If the INDEX variable is a string and there is only one variable that varies within the ID values, then the RENAME and SEPARATOR subcommands (whether present or implied) are ignored  and the actual string values are used as the new names without using the original name as a prefix.. If the string contains characters that are not allowed in a variable name, then warnings are issued and  generic names, such as v1, are used. If the only invalid character is a space, then the index value is truncated at the first space to create the new name.

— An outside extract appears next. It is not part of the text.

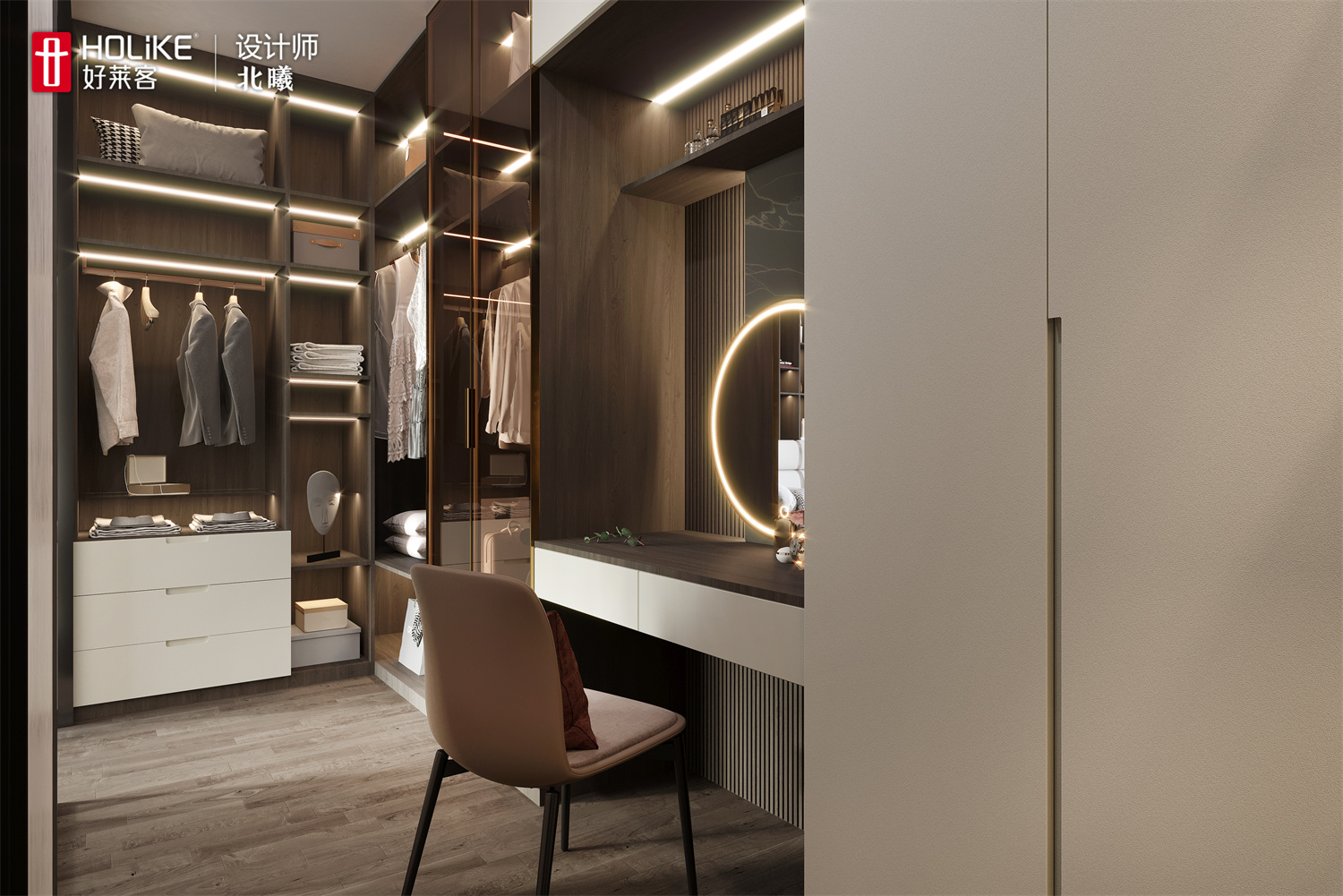 内嵌灯带,完美提升衣帽间的氛围,空间质感直线上升。

This behavior is intended for the case where there is only one variable  that varies within each ID value (i.e. one variable to be transposed to multiple variables) and one want to use the index variable to generate names for the result variables.  Suppose that your original file has the variables  ID, VAR, and VAL, where VAR is a string index variable. For example:

id        var        val
14        age        23
14        gender        1
18        age        32
18        gender        2
21        age        17
21        gender        2
27        age        42
27        gender        1


The command:

CASESTOVARS ID=id/ INDEX=var.

will generate a  file with variables ID, AGE, and GENDER, as follows:

id        age        gender
14        23        1
18        32        2
21        17        2
27        42        1



A documentation bug has been filed to request that the naming algorithm for the above situation be described in Help files and the Command Syntax Reference.
As a current work-around, if you want the new variable names to have the root and separator, you could compute the new index by concatenating the root and separator to the front of the original index.
 
string root_inst (A7) .
compute root_inst = concat("Inst.",inst).
CASESTOVARS
 /ID = Group
 /INDEX = root_inst
 /GROUPBY = VARIABLE
  /drop = Inst .

Note that the width of the new index variable must be sufficient to include the root, separator, and original index (4+1+2=7 in this case)

In your example, where the index values are invalid only because they start with a number, concatenating the root and separator in front of these values would also resolve the problem of invalid names.  Other variable-naming violations, such as spaces,  may require recodes or other transformation options to fix.


David Matheson
Statistical Support
SPSS, an IBM company


----- Forwarded by David Matheson/Chicago/IBM on 09/13/2010 10:40 AM -----
From: Richard Ristow <[hidden email]>
To: [hidden email]
Date: 09/09/2010 12:23 AM
Subject: Glitch in CASESTOVARS? (SPSS 14)
Sent by: "SPSSX(r) Discussion" <[hidden email]>





Here, in SPSS 14 (the latest version I have running), CASESTOVARS seems to behave in a way I think wrong, and that seems contrary to the documentation.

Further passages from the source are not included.